Ever your dedicated correspondent, I have once again put myself in harm’s way for your benefit.
Last year I cut up my Interac card. Yes, as a deranged sort of social experiment, I decided to try life without it. As you can see, I survived. Just barely.
For almost half a year, I suffered the slings and arrows of life
without access to ABM’s. I endangered my health and that of my family
by constantly handling filthy cash (who knows where it’s been?). I
sacrificed personal time in the teller line-up.
All so I could report to you about what life is like without our favourite piece of plastic. Well, let me say this: it is hell.
Since they arrived in 1986, debit cards have been embraced by
Canadians. In fact we are having a love affair with the debit card like
no other nation. On average, we lead the world, each using our bank
card at an ABM 47 times a year. The next closest country is the States
with an average use of 37 times a year.
It doesn’t sound like much but that’s double the number of cash transactions we engage in.

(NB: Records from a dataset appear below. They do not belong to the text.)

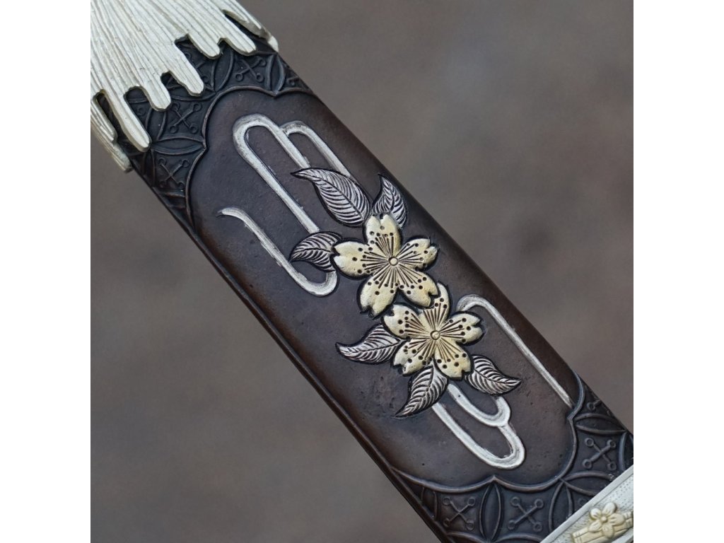 ✅ tsuka: (rukojeť) dřevěné jádro se zdobeným měděným povrchem
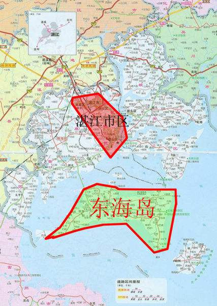 東海島位于在中國(guó)雷州半島東部,歷史上屬雷州府遂溪縣轄島。1958年?yáng)|北大堤修建后方便了島民出入,今屬湛江市經(jīng)濟(jì)開(kāi)發(fā)區(qū),島內(nèi)主要通有東山、東簡(jiǎn)、民安3個(gè)街道辦。地勢(shì)東高西低,東為玄武巖臺(tái)地,西為海積平原。東端距海灘2公里,有海拔111米高的龍水嶺火山錐,面積500×500米,為火山碎屑巖及少量玄武巖構(gòu)成,是天然航海陸標(biāo)。蔚鶨港和北山港為島內(nèi)最大漁港。蔚鶨附近6.5公里岸線,水深26~40米,其中40米深水航道650米。島內(nèi)有尚待開(kāi)發(fā)的土地40余萬(wàn)畝,地勢(shì)平坦,標(biāo)高4~14米,為地質(zhì)堅(jiān)硬的火成巖基地。地下水日開(kāi)采量可達(dá)50萬(wàn)立方米。盛產(chǎn)魚(yú)、鹽,有庵里、紅旗鹽場(chǎng),海水養(yǎng)殖 以鮑魚(yú)和對(duì)蝦著稱。海灘綿長(zhǎng)且潔白。
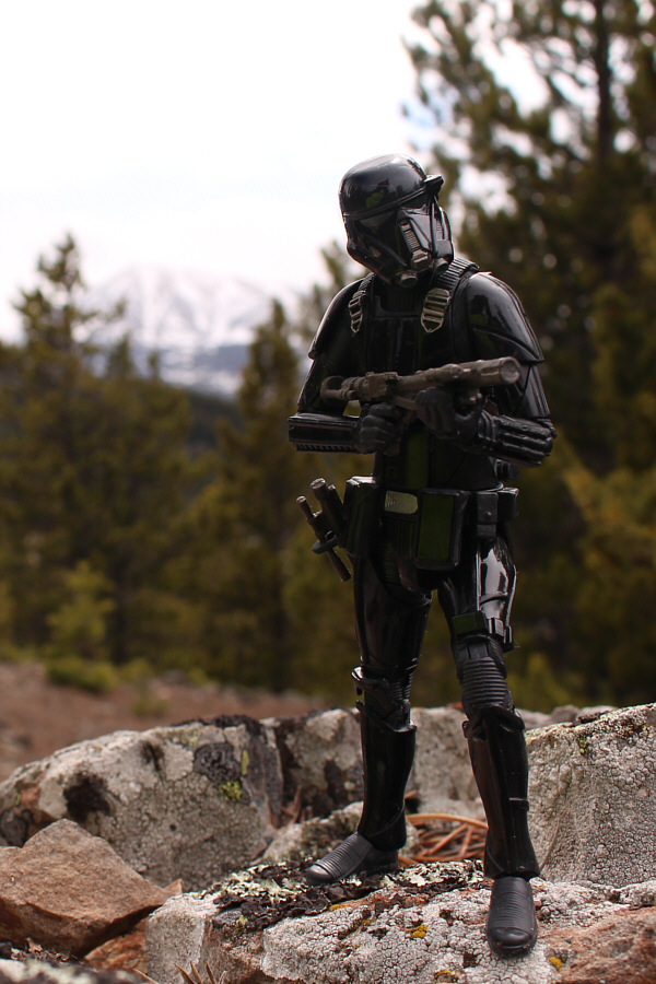 Dorota watches as Houmaro struggles a bit in the deep snow while descending the north side of Piney Point Ridge. |

This isn’t a statistical anomaly. Canadians have always been early
adopters of new banking technologies. It started way back in the 60’s
with credit cards. ABM’s are now the single most common form of banking
for Canadians. Doing the teller thing is a close second, but if you
consider Internet and phone banking, we are dedicated bank geeks.
The banks aren’t oblivious to this Canadian idiosyncrasy. Two years
ago they spent about 4 billion dollars on technology development to
expand our ABM network and develop new self-help transaction methods.
That’s a lot of scratch.
But anyone who’s noticed the fees we pay for using Interac realizes
it’s not gonna take the banks long to make it back. Industry figures
indicate that an average ABM transaction costs a bank about 30 cents.
They charge consumers anywhere from 1 to 3 dollars for this service.
Interac fees were one of the reasons I ditched my card. I added them
up and realized I was flushing a fair amount of money down the toilet
in the name of convenience.
I figured I’d lined the banks’ pockets well enough over the years.
It was payback time. Real, live teller transactions cost the bank about
five bucks. So I figured I’d just go in there and cost them some money.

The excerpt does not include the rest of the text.